In PBVS, the feedback is obtained from the pose reconstruction of the environment. The pose estimation will be calculated with the help of Euclidean methods and camera parameters, from the camera image.

The Euclidean coordinate of the features in the camera frame is ${\bar{m}}_{i} [\begin{matrix} x_{i} & y_{i} & z_{i} \end{matrix}]^{T}$ and the Euclidean coordinate of the features in the desired camera frame is ${\bar{m}}_{i}^{*} [\begin{matrix} x_{i}^{*} & y_{i}^{*} & z_{i}^{*} \end{matrix}]^{T}$ . The controller in this method is defined as¹⁷

[\begin{matrix} v_{c} \\ ω_{c} \end{matrix}] = - λ_{p} L_{p}^{- 1} e_{p}

(3)

where $λ_{p}$ is a positive controller gain and $e_{p}$ is the position error between the 3D estimated position of the camera and the desired 3D position of that in the task space.

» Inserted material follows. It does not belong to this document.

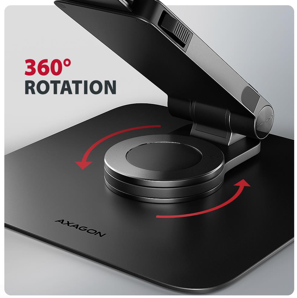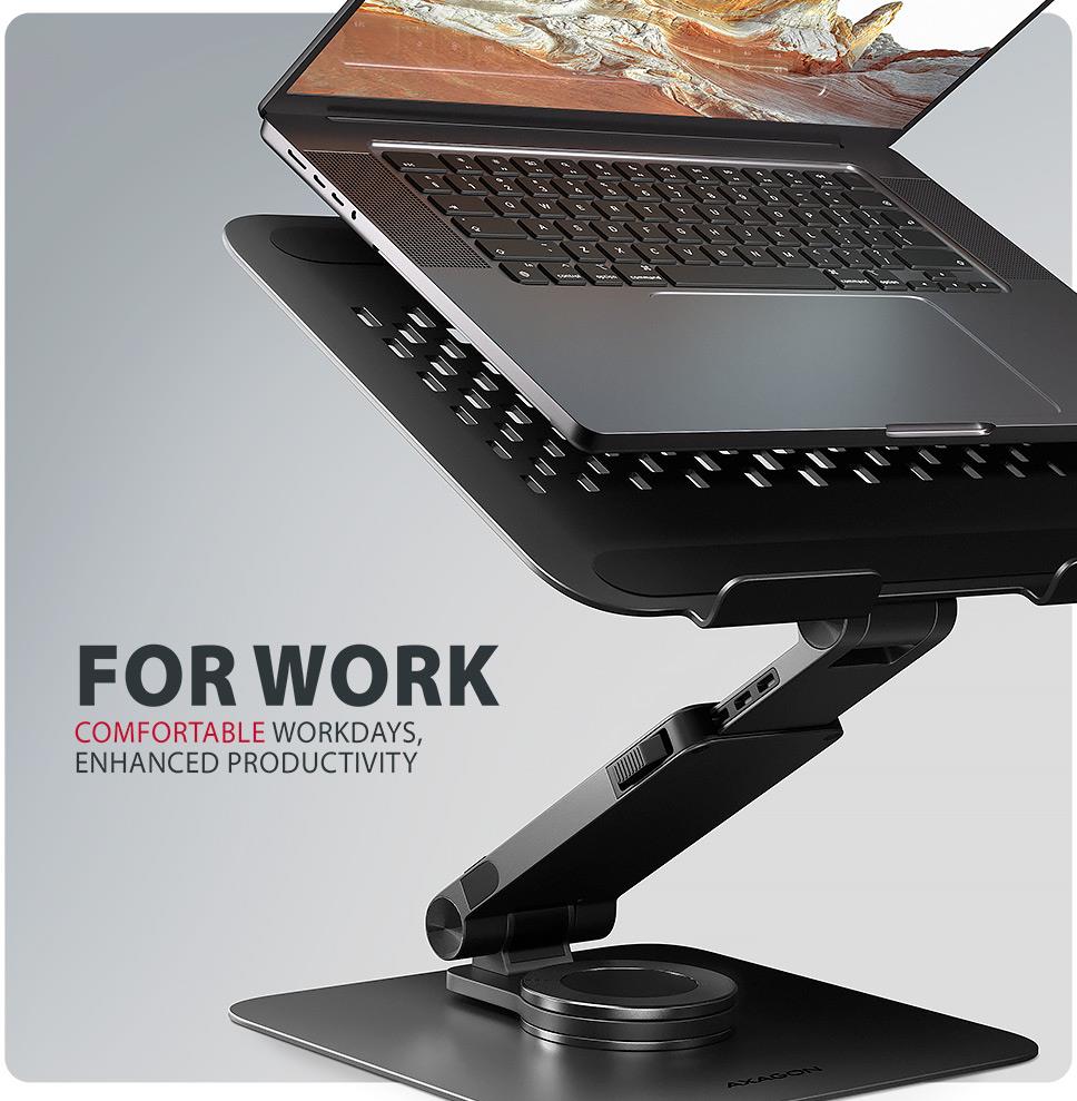 Aluminum stand with 360° rotation for laptops 10"–17.3". Adjustable height and angle. Black version.

Moreover, $L_{p} (t)$ is a $6 \times 6$ matrix obtained from the following equation¹⁷

L_{p} = [\begin{matrix} R & 0 \\ 0 & L_{ω} \end{matrix}]

(4)

where $L_{ω} (h (t), θ (t))$ is a $3 \times 3$ matrix defined as

L_{ω} = I_{3} - \frac{θ}{2} {[h]}_{\times} + (1 - \frac{sinc (θ)}{\sin c^{2} (\frac{θ}{2})}) {[h]}_{\times}^{2}

(5)

where $h (t) \in R^{3}$ and $θ (t) \in R$ are the rotation axis and rotation angle, decomposed from the rotation matrix. $[h]_{\times}$ is the skew-symmetric matrix associated with the vector $h$ .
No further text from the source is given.